Никакого ответа. Дин вошёл в заброшенный сад. Вскоре он увидел, что недалеко стоит отец — высокий, нескладный мужчина в охотничьей шапке и красном жилете. В руках он держал ружьё, а у его ног лежали три мёртвые белки. Он повернул к сыну своё всё ещё молодое, строгое, закалённое лицо, нисколько не удивлённое от вида сына — и нисколько не радостное.
— Тебе не следует подниматься сюда без красного жилета, Дин, — проворчал он. — Тебе повезло, что я не пристрелил тебя.
Дин не ответил.
— Что ж, здесь теперь больше не на что охотиться, — сказал Джон с раздражением, разряжая ружьё. — Ты всех распугал своими криками и хождением по кустам. Хоть есть теперь белки на обед.

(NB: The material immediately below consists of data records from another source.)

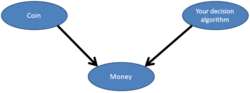 In this case, the course is clear: “Give $1K on tails” does nothing but lose us $1K. So we should decide not to—and nowhere in this causal graph can we see any problem with that course of action.
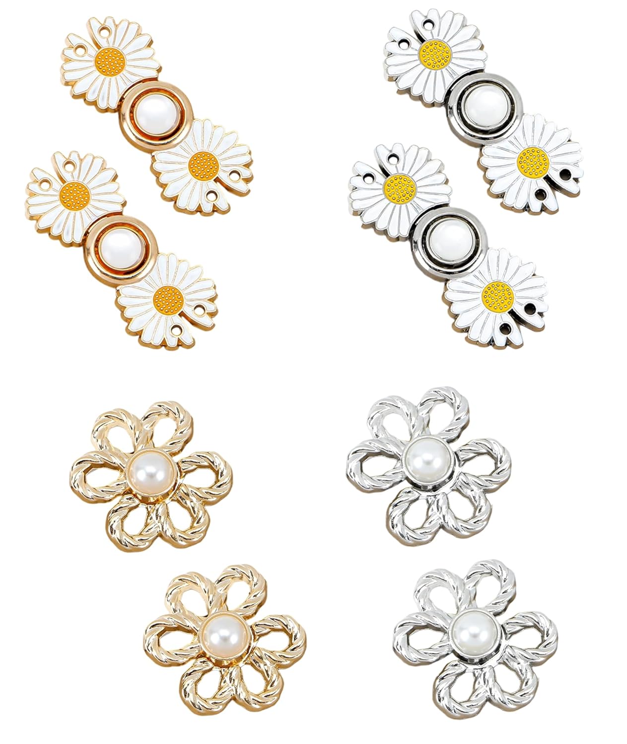This set of 8 jeans tightening clips offers a practical and stylish solution for adjusting waist sizes on various garments. The package includes two golden six-petal flowers, two silvery six-petal flowers, two golden-white daisies, and two silvery-white daisies – providing versatile options to match different outfits. Made from durable alloy material, these waist tightener clips maintain their shape through repeated use while adding a fashionable accent to your clothing.
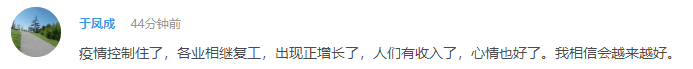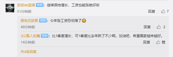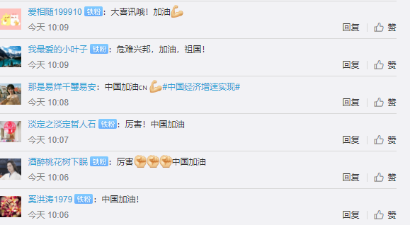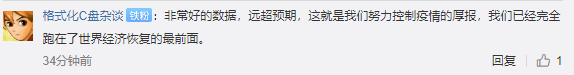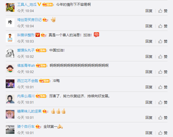 網友表示,數據表明中國經濟打不垮,有很強的韌性和戰略縱深。也有細心的網友反映,最近市場繁榮不少,發現公路上拉煤車,拉貨車不少。還有網友說,疫情控制住了,各業相繼復工,出現正增長了,人們有收入了,心情也好了。我相信會越來越好。

Он начал спускаться к своей хижине. Дин пошёл за ним, едва успевая за его длинными, быстрыми шагами. После стольких лет охоты он всё ещё не растерял свою старую армейскую осанку, всё его тело было натянуто, как огромная стальная пружина. Когда они добрались до хижины, он не пригласил сына внутрь, да Дин и не ждал его приглашения. Вместо этого Джон бросил белок в корзину у двери, подошёл к пню у поленницы и сел на него. Он снял свою шапку, обнажив свои тёмные волосы, которые всё ещё стриг коротко, по-моряцки. Он не смотрел на Дина. Не имея места, чтобы присесть, тот рухнул на крыльцо.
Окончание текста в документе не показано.